Section 17(2): Banking and financial services
Banks, NBFCs and insurance companies may opt to reverse a flat 50% of ITC instead of doing rule 42 calculations — useful when the exempt-supply ratio is too volatile to compute precisely.
Top 7 ITC mistakes
- Claiming ITC before the invoice appears in GSTR-2B. The portal accepts it and your books look clean — until your reconciliation flags a mismatch and an officer issues a notice. Always file from GSTR-2B, not from your purchase register.
- Missing the 30 November cutoff. A late-arrived invoice from March can still be claimed if you file October's GSTR-3B by 20 November and include it. Miss it and the ITC is gone permanently.
- Forgetting rule 37. A 270-day payment cycle to a vendor silently builds up reversal liability. Many businesses discover this only during a 3B-vs-books reconciliation.
- Claiming both ITC and depreciation on capital goods. Income tax auditors and GST auditors don't always speak to each other, so this can pass for a year — then both departments come knocking.
- Treating section 17(5) as a heuristic. The list is exhaustive. If your purchase is not specifically blocked, the credit is allowed — even if it "feels" personal. Conversely, you cannot reason your way around a block by arguing business benefit.
- Not maintaining inward supply mapping. When the officer asks "what taxable output did this hotel-stay ITC contribute to?" — you need a documented answer. Without it, the officer can apply rule 42 by force.
- Claiming ITC on supplier's wrong tax head. If the supplier charged CGST+SGST when it should have been IGST, both you and the supplier need to fix it before the credit is usable. See our CGST, SGST, IGST guide for the decision tree.
Frequently asked questions
What is input tax credit (ITC) under GST?
ITC is the credit a registered taxpayer can claim for GST paid on inward supplies of goods or services used in the course of business, set off against output tax liability. It is the design feature that prevents tax-on-tax cascading.
What are the four conditions to claim ITC?
Section 16(2) requires that you have a tax invoice, have received the goods or services, the tax has actually been paid to the government by the supplier (verified via GSTR-2B), and you have filed the relevant GSTR-3B. All four are cumulative.
What is the time limit to claim ITC for FY 2025-26?
For invoices issued during FY 2025-26, you must claim ITC by 30 November 2026 or the date of filing the annual return for FY 2025-26, whichever is earlier. The November cutoff is the most commonly missed GST deadline.
What is GSTR-2B and how does it relate to ITC?
GSTR-2B is the auto-drafted ITC statement generated for each registered person on the 14th of every month. Since 2022, ITC can be claimed only if the supplier has reported the invoice in GSTR-1 and it appears in your GSTR-2B.
What are blocked credits under section 17(5)?

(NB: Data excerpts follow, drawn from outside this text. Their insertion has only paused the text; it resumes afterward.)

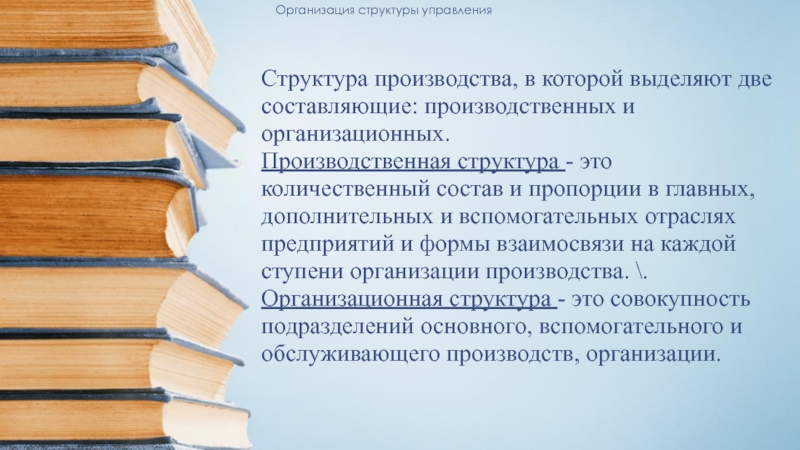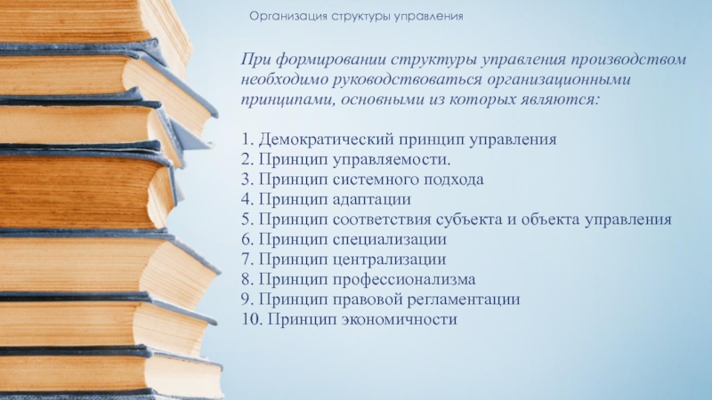 При формировании структуры управления производством необходимо руководствоваться организационными
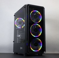 Стильный корпус формата ATX / Micro-ATX / Mini-ITX. Установлены 4 RGB вентилятора – отличное охлаждение и красивый внешний вид. — Боковая закалённая стеклянная панель — Поддержка длинных видеокарт — Места для SSD и HDD — Удобный кабель-менеджмент — Верхняя панель: 2×USB + аудио Подойдёт для игровой сборки.
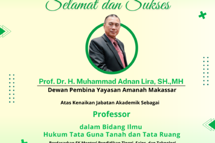 Prof. Dr. H. Muhammad Adnan Lira Resmi Raih Jabatan Guru Besar Bidang Hukum Tata Guna dan Tata Ruang Dewan Pembina Yayasan Amanah Makassar, Prof. Dr. H. Muhammad Adnan Lira, SH., MH, secara resmi memp...
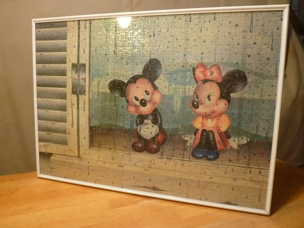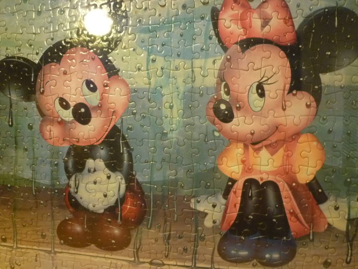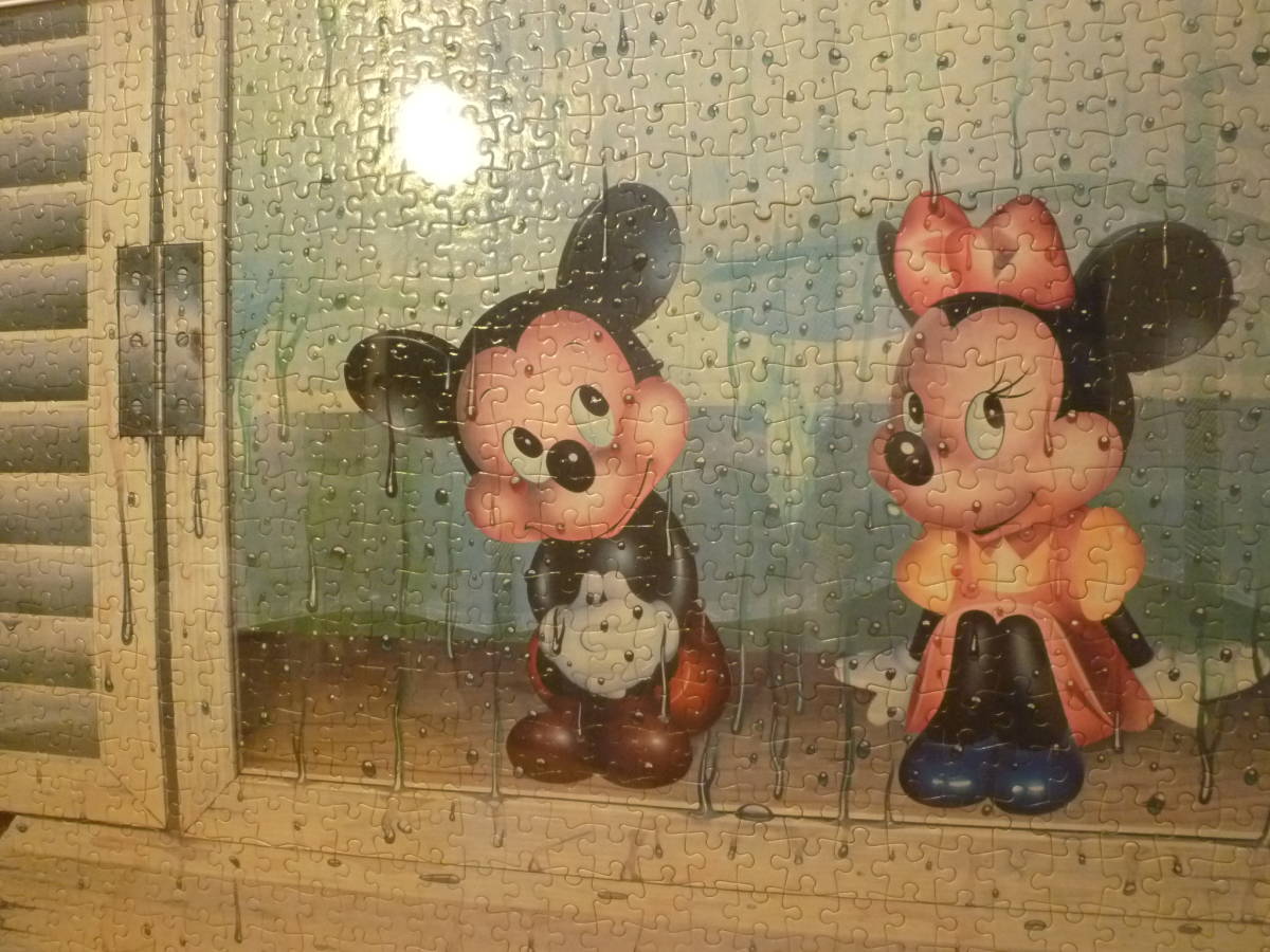 こちらは皆が大好きなディズニーで、その古風な感じのするミニーとミッキー?のジグソーパズルの様ですが、ベビーミッキー達なのかははっきりしません。雨のしずくがかなり激しくガラス窓に流れる風景を不思議?そうに楽しそうにしゃがんで眺めている風情が愛らしいです。出来上がり品でピース数等もはっきりしません。
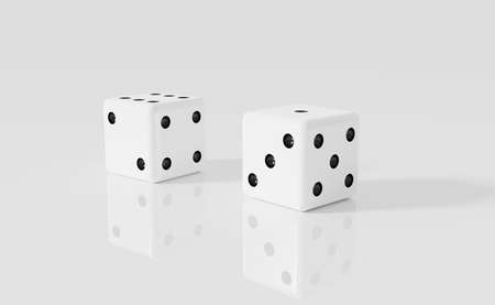 Dice 3d rendering. Two white dice 3d illustration.
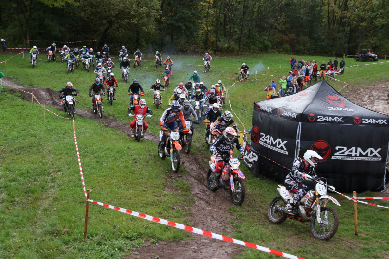 Der Verein hatte aber bereits gestern vorgesorgt und viele Streckenteile verändert. Auch die Motorcross Strecke haben Sie nochmals frisch geschoben so daß es heute dann doch relativ gut zu fahren ging. Leider wurden die Mühen aber nur von 38 Teams belohnt. Ursprünglich standen über 60 Teams in der Starterliste, darunter große Namen wie Edward Hübner, Nick Emmrich, Daniel Hänel, Kevin Zdon und Arne Mösch. Keiner dieser Topfahrer ließ sich aufgrund des Wetter´s in Großlöbichau sehen.
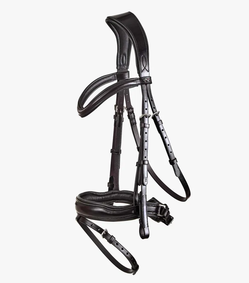 • Soft, padded and shaped browband with round raised design and ‘PE’ branded brooch either side
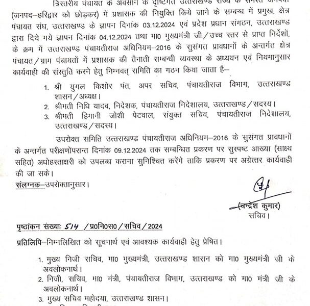 देहरादून। उत्तराखंड के पंचायत राज विभाग ने पंचायत राज एक्ट के तहत प्रधानों, क्षेत्र पंचायत और जिला पंचायत सदस्यों को प्रशासक बनने के संबंध में एक...

Section 17(5) blocks ITC on motor vehicles for personal use, food and beverages, club memberships, health insurance, works-contract for immovable property, goods lost or destroyed, and certain other categories. The list is exhaustive.
Can I claim ITC on capital goods?
Yes, ITC on capital goods is fully claimable in the month of purchase, provided you do not also claim depreciation on the GST component under the Income Tax Act. You must choose one or the other.
What happens if I claim wrong or excess ITC?
You must reverse the ITC with interest at 24 percent per annum from the date of wrong availment. Persistent wrong availment can trigger penalty under section 74 of up to 100 percent of the tax involved.
This article is informational and not professional tax advice. Statutory references are based on the CGST Act 2017 and IGST Act 2017 as amended through the Finance Act 2026. Always confirm rates and rules with your CA before filing.